Festgehalten werden kann, dass Dialoge zur Zukunft der europäischen Integration einen Mehrwert haben können, wenn diese von regionalen Regierungen und Parlamenten durchgeführt werden. Die regionale Politik kann als „Brückenbauer“ zwischen EU, mitgliedstaatlicher und regionaler Ebene fungieren. Denn zum einen sind regionale politische Akteure seit Jahrzehnten europapolitisch aktiv. Sie sind „europafähig“ geworden. Zum anderen bringen die BürgerInnen der regionalen Ebene hohes Vertrauen entgegen und haben oftmals ein regionales Zugehörigkeitsgefühl, was sie dazu veranlasst, die regionale Regierung oder das regionale Parlament als ersten Ansprechpartner in ihren Belangen zu betrachten. Insbesondere in föderalen oder dezentralisierten Mitgliedstaaten kann ein Mehrwert hergestellt werden, dass BürgerInnen und Politik in europapolitischen Fragen in einen Dialog treten. Denn durch inner- und extrastaatliche Verhandlungswege können Regionen versuchen Einfluss auf die nationale Regierung oder auf EU-Institutionen zu nehmen. Ergebnisse aus BürgerInnendialogen würden so nicht ins Leere laufen, wenn, wie in der Kritik zu Beginn des Beitrags beschrieben, die Vielzahl von Stolpersteinen in der Konzeption und Durchführung von BürgerInnendialogen berücksichtigt werden. Falls dies jedoch nicht gelingen sollte, drohen jene Beteiligungsformat eine PR-Show zu werden. Eine Kluft zwischen Politik und BürgerInnen könnte sich im Falle des Misslingens verschärfen – mit entsprechenden spürbaren, politischen Konsequenzen.

 

Quellen:

Ausschuss der Regionen (2021): EU Annual Regional and Local Barometer, https://cor.europa.eu/en/our-work/Documents/barometer-fullreport%20web.pdf [15.12.21]

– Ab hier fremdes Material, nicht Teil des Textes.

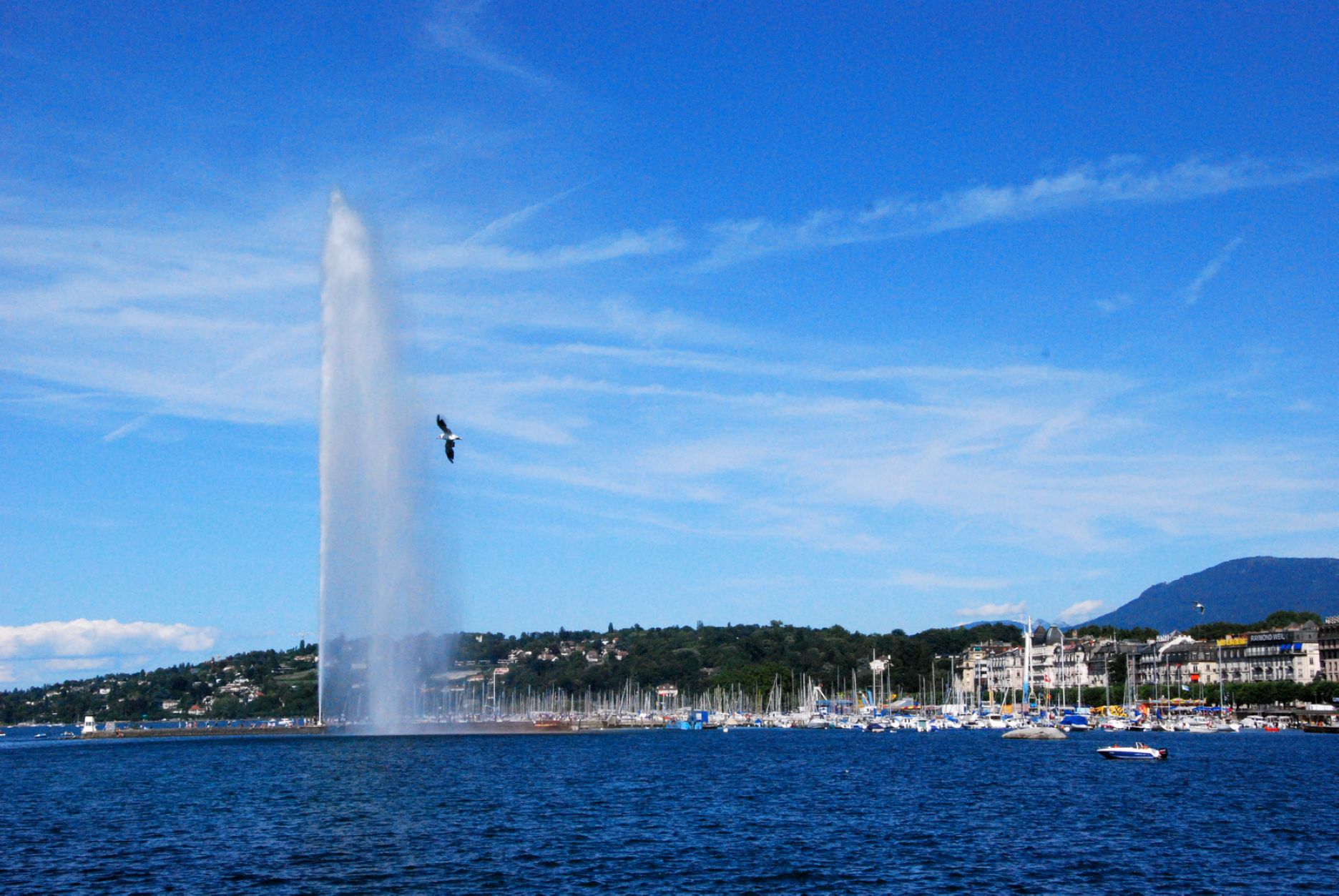 500公升噴水量的噴泉是由130馬力的電力推動為世界上最大的人工噴泉,那沖天而起的高大水柱,從湖面直射天際,蔚為壯觀。這個人工噴泉最初是1891年建成,當時所噴射的高度只有90米。1958年改建后至今。它的動力是兩組安裝在水下的水泵,總重為16噸,由每分鐘達1,500轉的500千瓦2,400伏的發動機帶動。每個水泵的功率為1,360匹馬力,噴泉的流量為每秒500公升,噴口處的水速達每小時200公里,進入噴水管中的水的壓力為16個大氣壓,水柱的高度在無風時可達140米,停留在空中的水量達7噸之多。水從噴嘴噴出達到頂峰再回到水面,每個回合為16秒。日內瓦湖是美麗的。自古以來,許多名作家、大詩人都贊美、謳歌過它。亨利•詹姆斯稱它是“出奇的藍色的湖”;拜倫則把它比喻成一面晶瑩的鏡子,“有著沉思所需要的養料和空氣”;巴爾扎克則把它說成是“愛情的同義詞”。其壯觀景象,從日內瓦各地都可以望得見,如今大噴泉于每年三月初到十月的第一個禮拜天為止,除了陰雨天之外,每天都準時做“噴水表演”,供民眾參觀。
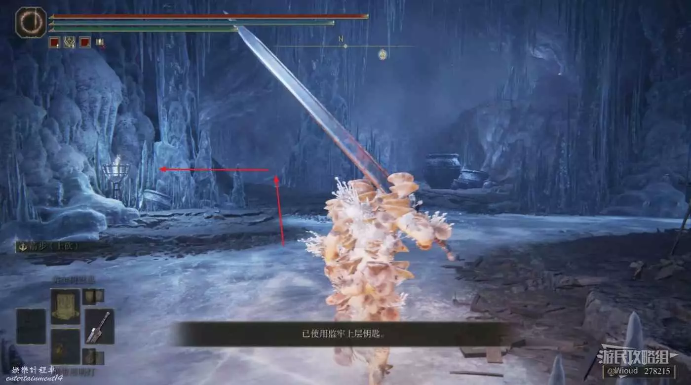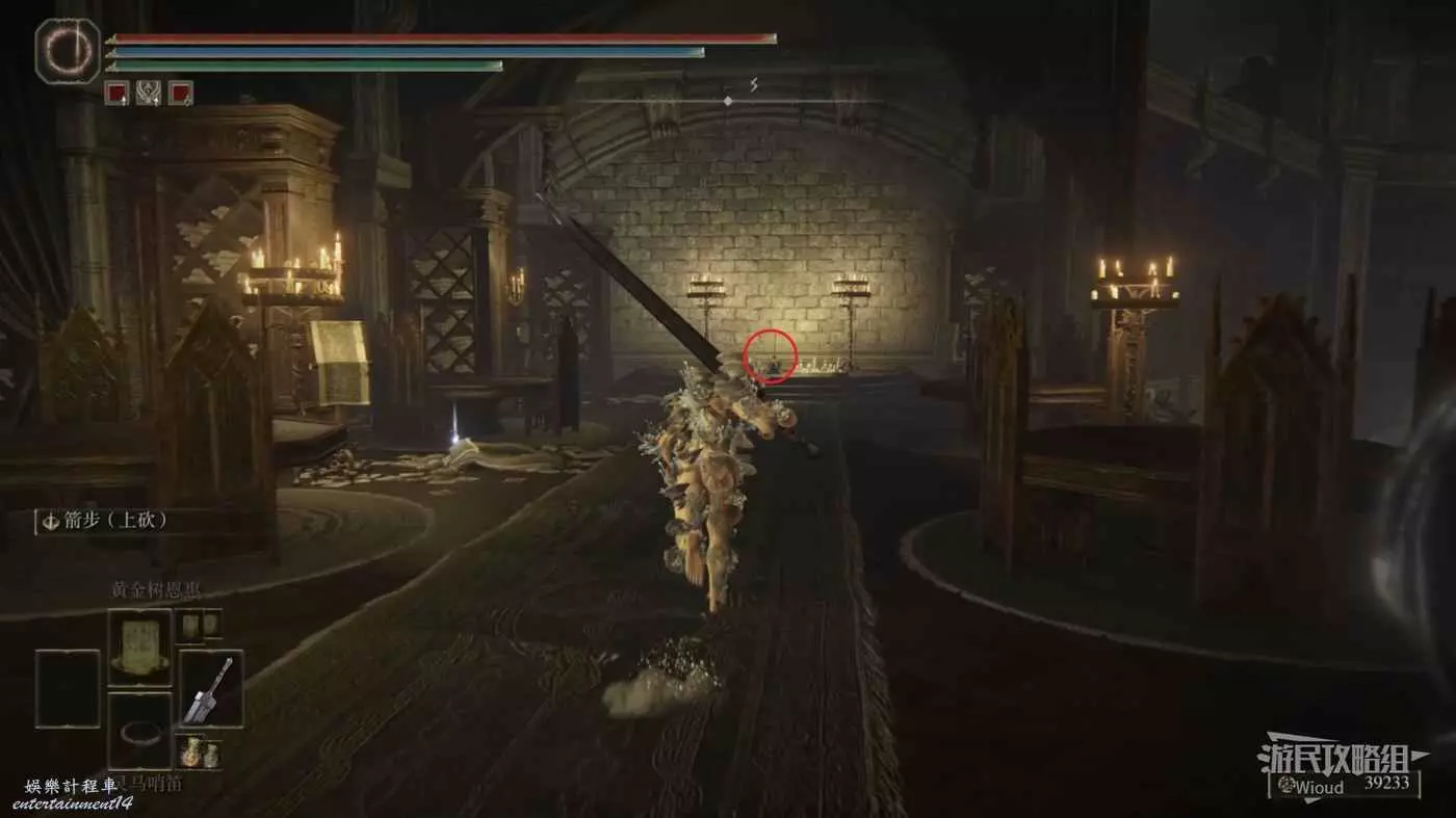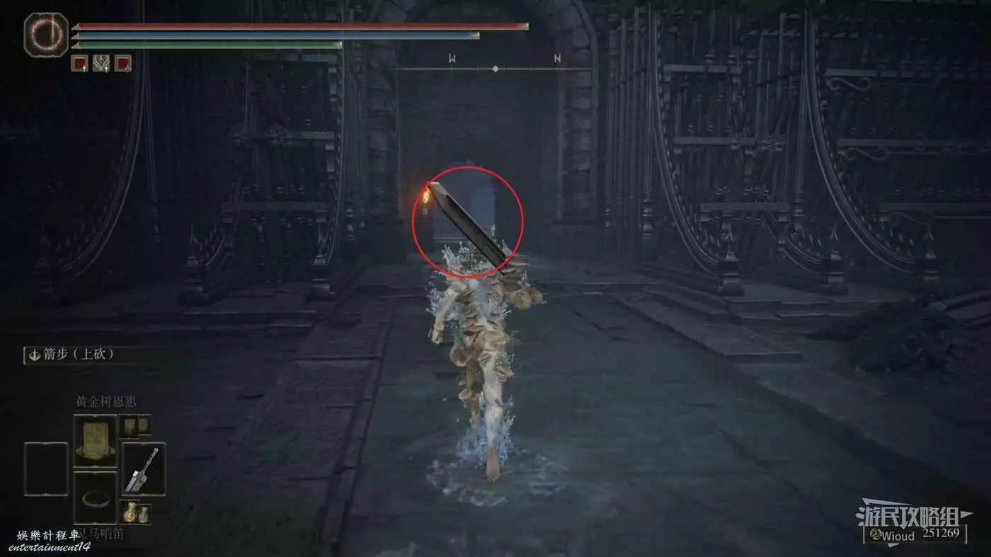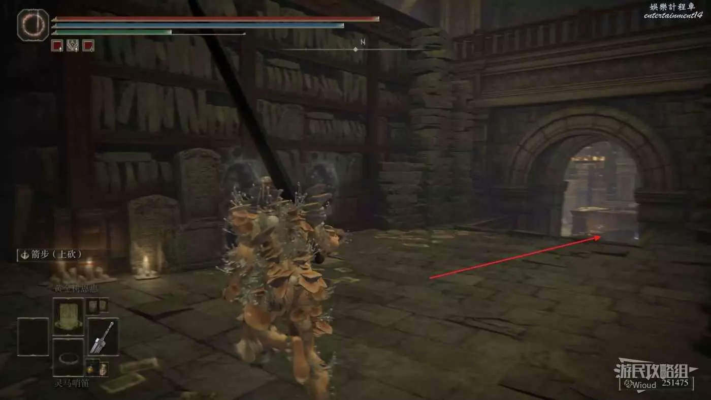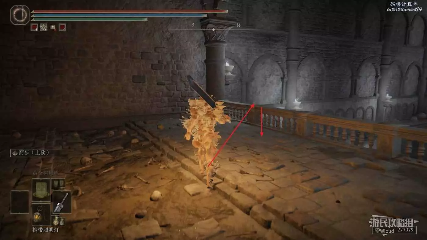 此時往右走到頭,沿著樓梯繼續往上爬,看到有一個火焰騎士的房間時不要繼續爬樓梯,往左後方走。

Kindermann, Paul, Meyer, Sarah, & Wolf, Mario (2020): Innovative participatory instruments for the EU. Working Paper Series No. 2. Donau-Universität Krems, Department für Europapolitik und Demokratieforschung. Krems an der Donau.

Landfried, Christine (2019): Bürgerkonferenzen als Potential für einen Neuanfang der EU, in: Forschungsjournal Soziale Bewegungen 32(4), 570-583.

Nanz, Patrizia, & Fritsche, Miriam (2012): Handbuch Bürgerbeteiligung. Bundeszentrale für politische Bildung. Bonn.